BioConductor is an R Package “framework’ (or sub-environment) for bioinformatics; it has a large-scale peer-review system for packages, and any package that is submitted must use and "blend" specific structural components. More importantly, BioConductor has a Discussion Forum (akin to StackOverflow) but specific to BioConductor. The main diffierence of BioC with CRAN (in R programming) is that all packages contributing to BioConductor are somewhat related, must be installed using specific methods, and must leverage BioConductor structure. In that sense, it’s somewhat similar to PyTorch. However, while PyTorch is for generic DeepLearning, BioConductor works only on bioinformatics (to analyse biological data). In this project you will be using advanced, state-of-the-art natural language processing (NLP) algorithms to analyse BioConductor's discussion forum according to the software releases--meaning, you will be linking your topic-modelling to software version releases. After modelling, you will be expected ccomplete manual perusals of the data, to draw conclusions, and provide visualisations and a report.
Note:
- Knowledge of bioinformatics is not required. You may need to read the discussion forums to label the resulting topics, but that's it.

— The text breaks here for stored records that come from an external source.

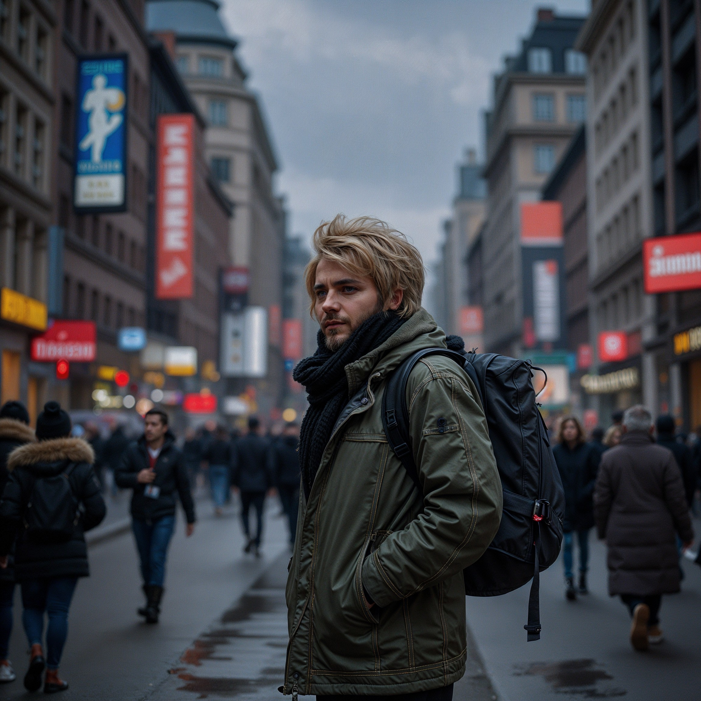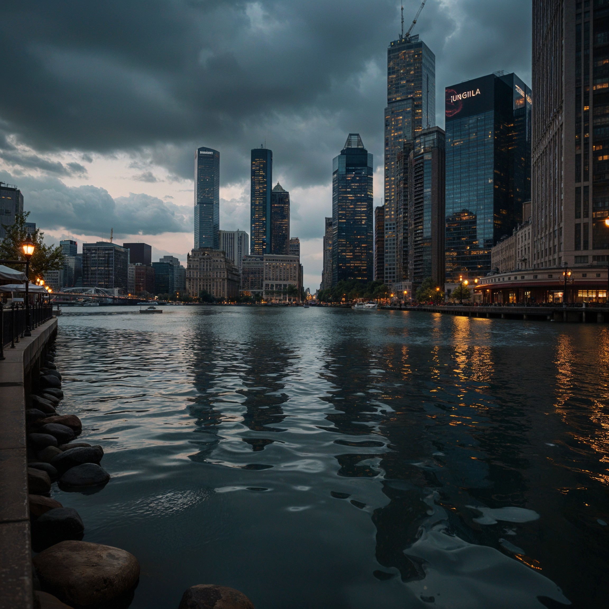 A city skyline reflects on a calm river at dusk, with towering skyscrapers and vibrant lights. The scene is framed by clouds, creating a serene yet dynamic urban atmosphere.
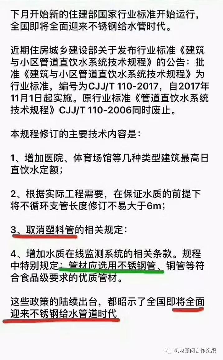 11月1日起,直饮水采用万象城网址管材
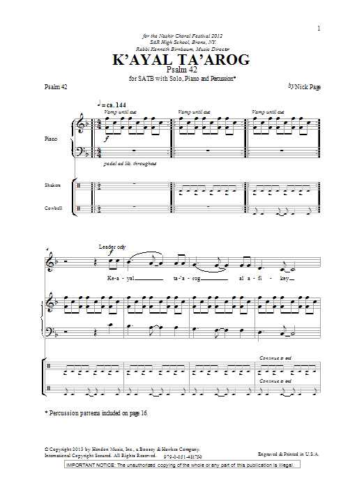 Download or print Nick Page K'Ayal Ta'arog sheet music, chords and digital score arranged for SSA Choir. This Concert score includes 14 page(s).

- Knowledge of R programming is not required. If you know your progrmaming theory, you can translate that knowledge to any programming language. And that is enough for this study.
- You will need to follow instructions and be systematic in your methodology. You will not be using traditional topic-modelling algorithms.
The project will be co-supervised with my colleague Dr Fatemeh Fard (from the University of British Columbia, Canada), whose work in NLP applied to software engineering and data science is quite novel. Meetings are done mostly with me, but at least once per month with her.
This project has been completed in S2, 2022.